Вот везунчик, успел уже где-то руку повредить. Боевое ранение при исполнении служебных обязанностей! А ты дрыхни в гравитационных пеленочках, пока тебя на место доставят. И не смей слова поперек вымолвить. Девчонку — вторым пилотом! А он… Можно сказать, без пяти минут штурман — и в пеленочках! Нет справедливости на белом свете!
Зеленое солнце окунулось в молочно-изумрудное облачко. Во все стороны по небу брызнули перламутровые лучи.
— Ладно, — буркнул Най. — Сообща так сообща, я не против. Эх, будь у нас вездеход!
Будь у них вездеход, все решалось бы просто. Но вездехода не было. Вертолета, винтоплана, обычной тележки — тоже.
— Вездеход есть на Маяке, — напомнил Андрей. — Поэтому самое разумное — быстрее до него добраться. Отправить сообщение, вызвать помощь и назад. Идти придется мне и Наю. Детсад поручается тебе, Нино. В катере это не так страшно, справишься. Есть другие предложения? Нет? Ну, раз все ясно, командирский совет закрыт. Объявляется общий подъем и обед. После обеда — ревизия хозяйства.
Ребятишки пробуждались свежие и розовые. Если бы не «костная чума», все это походило бы на заурядную прогулку, на легкий воскресный пикничок. Подольше б мелкота так думала…
— Мы уже приехали, дядя Андрей? — спросил трехлетний Готлиб, выглядывая за срез люка. Он единственный из детей называл Андрея дядей.
— Во всяком случае, поезд дальше не пойдет, — откликнулся Андрей.
— Пересадка.
— А на чего пересадка?
— Со временем приручим лошадь. Пока — пешком.
— Я люблю лошадей… — Глаза Готлиба мечтательно округлились. — А под колпак нас опять не запрут?
— Не бойся, маленький, не запрут. Будет очень-очень весело. И масса удивительных приключений!
«Только бы не накаркать!» — спохватился Андрей. К счастью, его выручила Нино:
— Обедать будем на свежем воздухе.
Пока Андрей взращивал рядом с катером стол и скамейки, Нино раскупорила консервированный обед.
— Сегодня у нас грибной суп и тушеные кабачки! — оповестила она, вынимая крохотные, запаянные пленкой тарелочки.
— Я не люблю грибной суп, — захныкала Тина.
— А я люблю. Я съем и твою и свою порцию, — пообещал Готлиб.
— Не хвастайся раньше времени! — Нино потянула ниточку, и подрезанная пленка отпала. Посудина и ее содержимое разбухли, разогрелись, повалил душистый пар, и перед Готлибом выросла тарелка нормального земного размера, наполненная нормальным грибным супом. — Тебе первому, за храбрость…

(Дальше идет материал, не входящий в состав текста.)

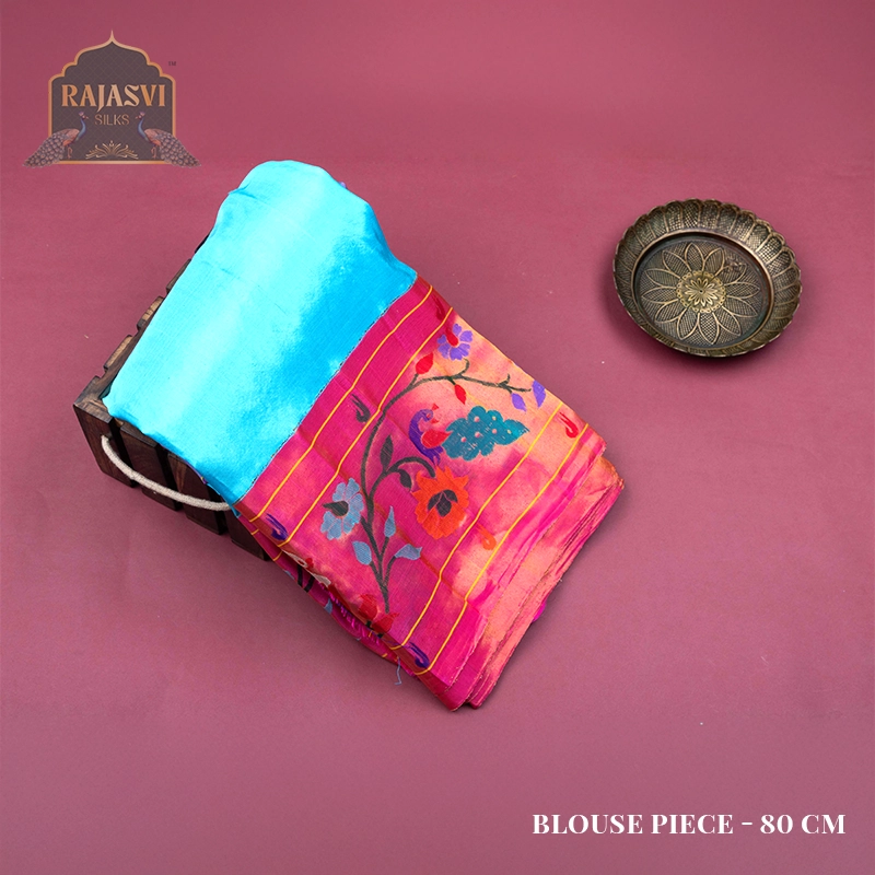 We use only natural, high-quality yarns pure silk and pure cotton to create the rich texture and durability that define a true Paithani saree.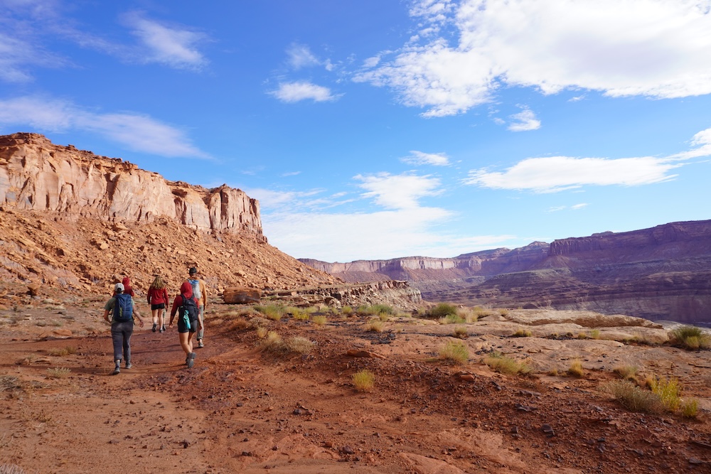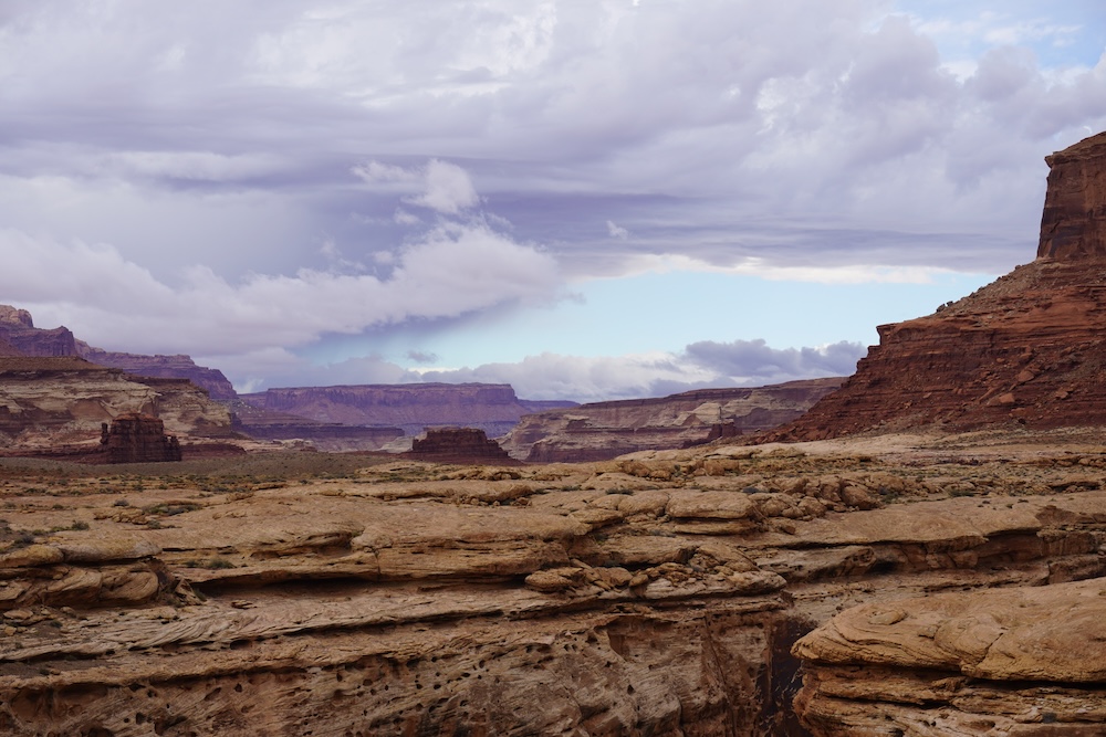 In the morning we continued along the bench we were on under ominous clouds. Lightning split the sky to the north, and rain dampened our matching red sun shirts, but the hot desert breeze dried our clothes as we hiked. We sought out patches of mineral soil to travel on, trying to avoid crushing the omnipresent cryptobiotic crust that is the foundation of the southern Utah ecosystem. At this point we were 200 feet above the river, but still about 600 feet below the rim. Ahead, we could see that the bench we were traveling on eventually ended. We discussed the prospect of being forced to turn around and hike three days back to the road.

— Ты теперь будешь наша мама? — нежным голоском спросила Тина.
— Ешь, ешь, болтовню развела! — прикрикнул Най. Он все-таки тоже был взрослый.
— Не воображай, папа у нас дядя Андрей, а не ты! — возразил Готлиб и едва не схлопотал затрещину — хорошо, Най сидел по другую сторону стола и тянуться мимо Андрея не рискнул.
Некоторое время тишину нарушало только звяканье ложек. Вдруг Мик поднял голову:
— Птичка!
Андрей, которому тоже почудился не то писк, не то чириканье, прислушался. Зловредный Най не упустил случая:
— Тебе повсюду птички мерещатся, дрессировщик несчастный! Свою уже уморил?
Глаза Мика наполнились слезами. И правда, они тут сидят, а голодного Гогу не разбудили… Мик полез в катер. Отвинтил маленькую пластиковую клетку, приложил ухо, прислушался. Разъял клетку на две половинки. Лежащий кверху лапками попугай казался мертвым.
— Оживет? — громко прошептала Тина, вытягивая шею.
— Пусть не оживает, так ему и надо! — позлорадствовала Кирико, поджимая губки. — В другой раз не будет обзываться!
— Не дразни — и не будет обзываться! — рассудил Рене, сверх обыкновения не только умытый, но и причесанный.
— Ты сам противный, с чубчиком! — тут же ответила Кирико. — Попугай лохматый, не ходи с заплатой. Заплата оторвется, лохматый разобьется!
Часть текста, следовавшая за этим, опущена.